Your objective :: Output exactly the lines from the one containing "Костюм домашний состоит" to the last line of the material, inclusive, and nothing more.
>>>
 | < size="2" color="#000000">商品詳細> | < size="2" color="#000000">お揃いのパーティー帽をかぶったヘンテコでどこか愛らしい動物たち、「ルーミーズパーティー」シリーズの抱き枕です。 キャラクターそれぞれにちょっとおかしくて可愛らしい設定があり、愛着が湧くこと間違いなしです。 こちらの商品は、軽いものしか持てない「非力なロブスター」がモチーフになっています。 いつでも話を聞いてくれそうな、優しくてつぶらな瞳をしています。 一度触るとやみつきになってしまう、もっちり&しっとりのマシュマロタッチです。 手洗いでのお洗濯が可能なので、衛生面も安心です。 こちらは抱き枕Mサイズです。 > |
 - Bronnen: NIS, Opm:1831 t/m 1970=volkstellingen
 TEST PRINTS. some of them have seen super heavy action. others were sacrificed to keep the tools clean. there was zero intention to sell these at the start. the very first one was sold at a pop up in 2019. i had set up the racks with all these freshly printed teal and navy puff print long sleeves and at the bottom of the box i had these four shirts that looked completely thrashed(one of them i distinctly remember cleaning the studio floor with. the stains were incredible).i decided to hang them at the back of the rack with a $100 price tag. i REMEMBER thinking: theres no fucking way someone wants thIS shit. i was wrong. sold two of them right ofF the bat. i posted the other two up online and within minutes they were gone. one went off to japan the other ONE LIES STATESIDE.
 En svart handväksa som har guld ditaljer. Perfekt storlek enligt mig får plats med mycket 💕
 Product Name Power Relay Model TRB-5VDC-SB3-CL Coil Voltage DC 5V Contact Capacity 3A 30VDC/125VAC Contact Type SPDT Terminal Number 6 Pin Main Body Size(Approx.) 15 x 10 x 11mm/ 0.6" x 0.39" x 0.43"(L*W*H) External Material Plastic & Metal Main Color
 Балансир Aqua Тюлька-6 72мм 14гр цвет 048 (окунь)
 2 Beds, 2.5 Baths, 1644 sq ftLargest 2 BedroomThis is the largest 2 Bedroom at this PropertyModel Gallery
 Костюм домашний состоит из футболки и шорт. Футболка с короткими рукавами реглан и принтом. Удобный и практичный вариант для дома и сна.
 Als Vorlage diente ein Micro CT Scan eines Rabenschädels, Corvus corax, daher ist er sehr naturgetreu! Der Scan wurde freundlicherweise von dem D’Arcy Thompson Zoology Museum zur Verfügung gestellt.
<<<
Final answer ::
 Костюм домашний состоит из футболки и шорт. Футболка с короткими рукавами реглан и принтом. Удобный и практичный вариант для дома и сна.
 Als Vorlage diente ein Micro CT Scan eines Rabenschädels, Corvus corax, daher ist er sehr naturgetreu! Der Scan wurde freundlicherweise von dem D’Arcy Thompson Zoology Museum zur Verfügung gestellt.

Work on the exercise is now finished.